INSTRUCTIONS FOR THE TASK: In the entries below, begin at the line that has "lav selv armbånd" and stop after the line that has "Adjustable Cord Hematite"; output those lines exactly, leaving out pictures.

PROVIDED INFORMATION:
Start of Block
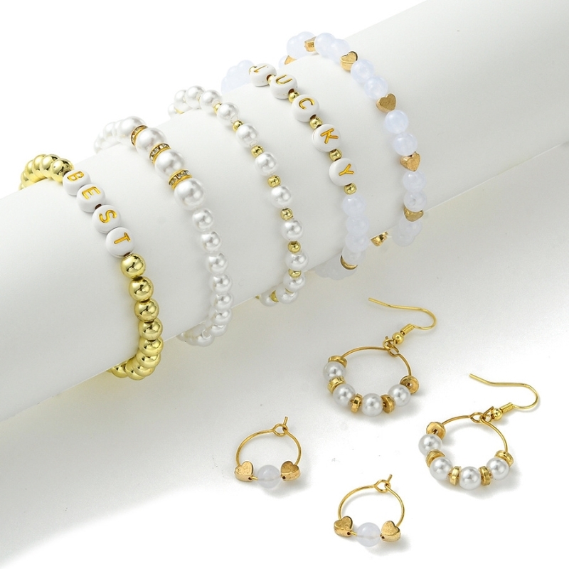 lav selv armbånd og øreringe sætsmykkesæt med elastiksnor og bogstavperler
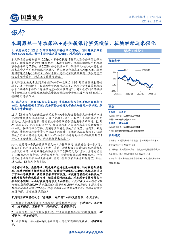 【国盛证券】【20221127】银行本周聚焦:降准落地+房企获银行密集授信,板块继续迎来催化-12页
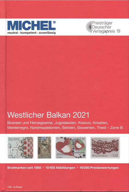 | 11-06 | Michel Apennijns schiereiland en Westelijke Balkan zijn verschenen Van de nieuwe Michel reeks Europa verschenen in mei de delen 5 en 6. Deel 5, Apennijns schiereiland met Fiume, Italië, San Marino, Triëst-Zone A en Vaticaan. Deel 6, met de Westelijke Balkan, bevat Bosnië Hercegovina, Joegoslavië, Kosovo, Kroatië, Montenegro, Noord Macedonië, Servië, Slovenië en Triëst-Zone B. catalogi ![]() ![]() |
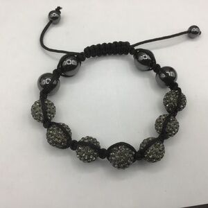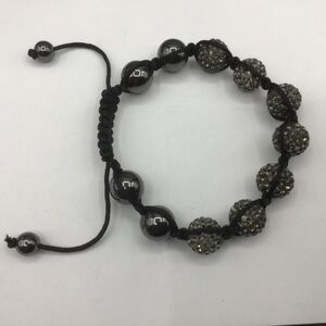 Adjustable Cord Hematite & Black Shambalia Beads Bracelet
End of Block
Start of Block
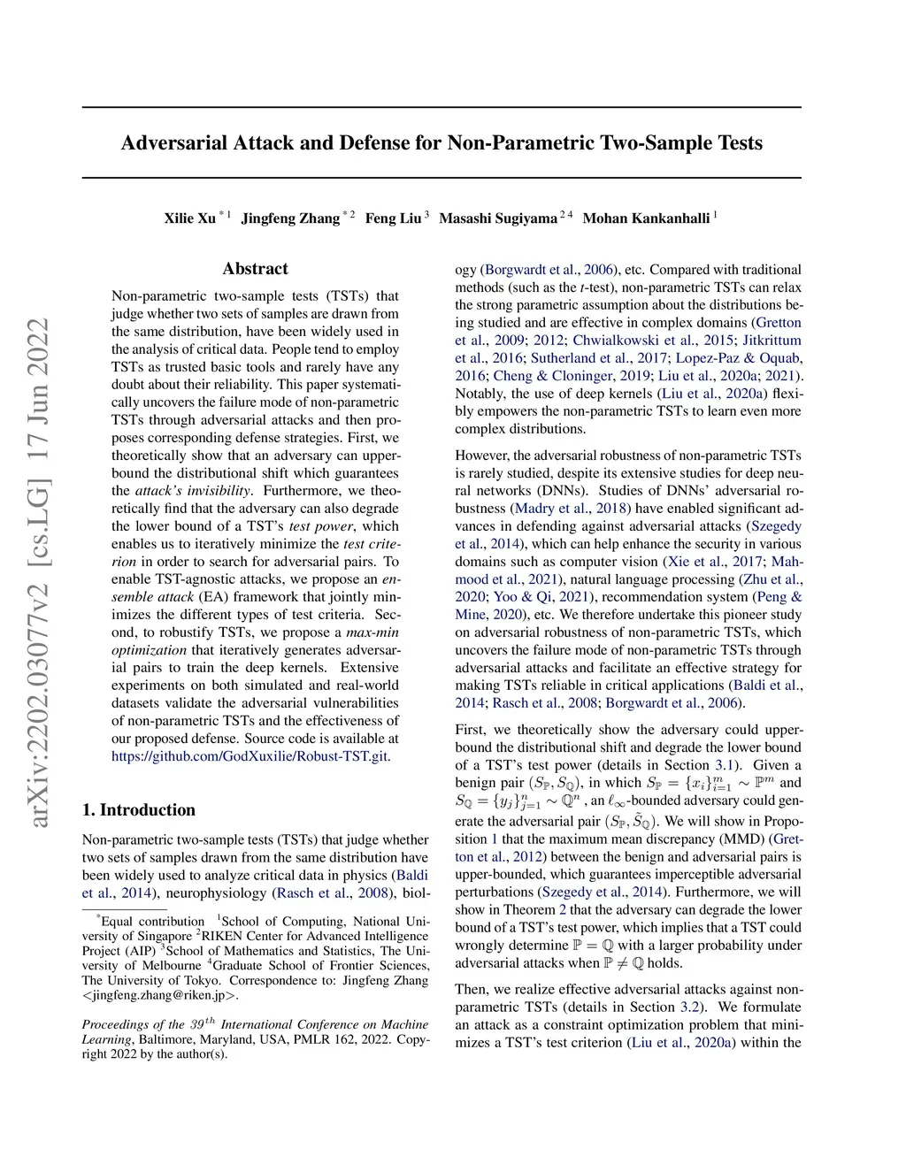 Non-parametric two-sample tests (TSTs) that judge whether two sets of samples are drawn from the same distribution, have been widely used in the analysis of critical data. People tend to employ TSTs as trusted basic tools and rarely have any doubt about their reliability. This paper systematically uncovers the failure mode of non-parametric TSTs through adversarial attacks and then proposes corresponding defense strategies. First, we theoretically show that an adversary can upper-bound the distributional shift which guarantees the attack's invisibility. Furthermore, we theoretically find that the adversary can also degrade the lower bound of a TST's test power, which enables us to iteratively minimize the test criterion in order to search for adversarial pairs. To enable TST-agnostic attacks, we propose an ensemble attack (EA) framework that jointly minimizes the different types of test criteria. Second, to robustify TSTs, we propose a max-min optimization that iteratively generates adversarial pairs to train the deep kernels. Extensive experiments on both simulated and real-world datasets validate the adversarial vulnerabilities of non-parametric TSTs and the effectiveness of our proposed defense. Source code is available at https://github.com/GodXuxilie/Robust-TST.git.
End of Block
Start of Block
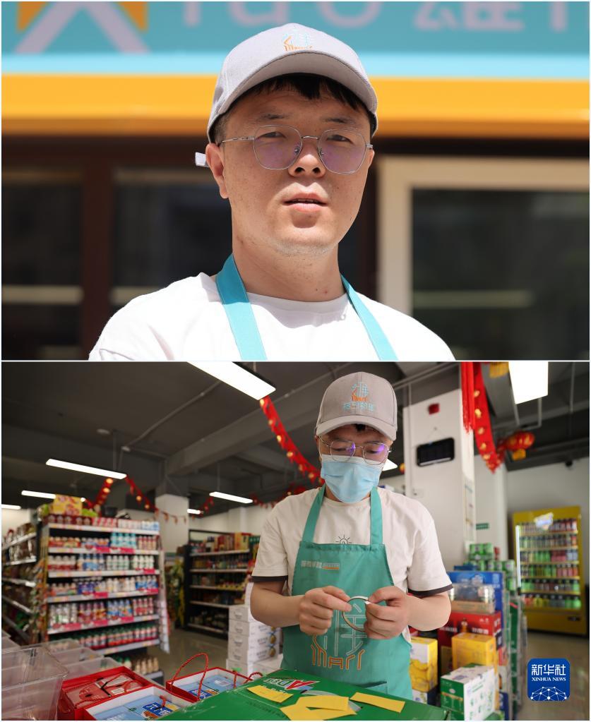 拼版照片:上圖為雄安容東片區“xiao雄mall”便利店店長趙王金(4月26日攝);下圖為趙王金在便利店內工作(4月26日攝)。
End of Block
ANSWER SECTION:
 lav selv armbånd og øreringe sætsmykkesæt med elastiksnor og bogstavperler
 【国盛证券】【20221127】银行本周聚焦:降准落地+房企获银行密集授信,板块继续迎来催化-12页
 | 11-06 | Michel Apennijns schiereiland en Westelijke Balkan zijn verschenen Van de nieuwe Michel reeks Europa verschenen in mei de delen 5 en 6. Deel 5, Apennijns schiereiland met Fiume, Italië, San Marino, Triëst-Zone A en Vaticaan. Deel 6, met de Westelijke Balkan, bevat Bosnië Hercegovina, Joegoslavië, Kosovo, Kroatië, Montenegro, Noord Macedonië, Servië, Slovenië en Triëst-Zone B. catalogi ![]() ![]() |
 Adjustable Cord Hematite & Black Shambalia Beads Bracelet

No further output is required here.